TASK DIRECTIONS: Write out the entries below exactly, but only from the line containing "18th century School, Portrait" through the line containing "Brand: KINGDOM OF", and without the pictures.

GIVEN ENTRIES:
Segment Open

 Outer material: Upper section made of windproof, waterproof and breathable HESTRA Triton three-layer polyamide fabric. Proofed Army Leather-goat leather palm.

Segment Closed
Segment Open

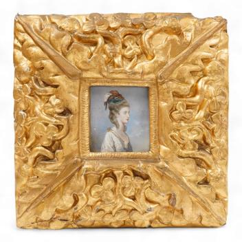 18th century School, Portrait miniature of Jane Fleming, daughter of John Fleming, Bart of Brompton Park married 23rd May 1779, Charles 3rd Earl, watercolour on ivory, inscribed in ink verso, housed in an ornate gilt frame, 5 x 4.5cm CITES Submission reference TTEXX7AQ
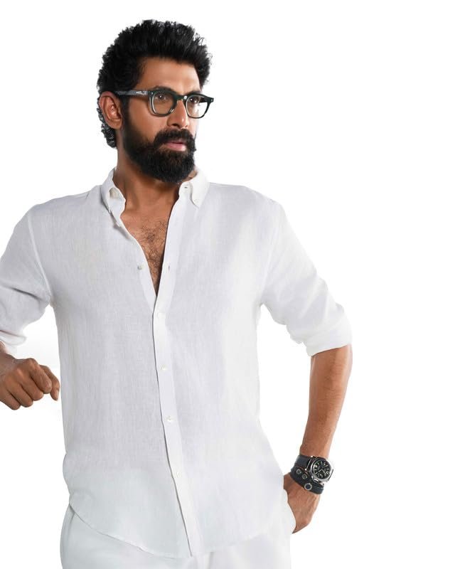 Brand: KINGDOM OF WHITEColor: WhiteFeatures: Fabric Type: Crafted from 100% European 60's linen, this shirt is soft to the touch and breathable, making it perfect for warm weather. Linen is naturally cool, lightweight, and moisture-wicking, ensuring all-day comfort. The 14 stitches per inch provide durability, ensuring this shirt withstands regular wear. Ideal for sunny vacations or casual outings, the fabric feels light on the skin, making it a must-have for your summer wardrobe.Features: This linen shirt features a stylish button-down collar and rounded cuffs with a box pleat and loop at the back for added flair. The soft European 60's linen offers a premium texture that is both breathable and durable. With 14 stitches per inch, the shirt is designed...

Segment Closed

EXERCISE RESULT:
 18th century School, Portrait miniature of Jane Fleming, daughter of John Fleming, Bart of Brompton Park married 23rd May 1779, Charles 3rd Earl, watercolour on ivory, inscribed in ink verso, housed in an ornate gilt frame, 5 x 4.5cm CITES Submission reference TTEXX7AQ
 Brand: KINGDOM OF WHITEColor: WhiteFeatures: Fabric Type: Crafted from 100% European 60's linen, this shirt is soft to the touch and breathable, making it perfect for warm weather. Linen is naturally cool, lightweight, and moisture-wicking, ensuring all-day comfort. The 14 stitches per inch provide durability, ensuring this shirt withstands regular wear. Ideal for sunny vacations or casual outings, the fabric feels light on the skin, making it a must-have for your summer wardrobe.Features: This linen shirt features a stylish button-down collar and rounded cuffs with a box pleat and loop at the back for added flair. The soft European 60's linen offers a premium texture that is both breathable and durable. With 14 stitches per inch, the shirt is designed...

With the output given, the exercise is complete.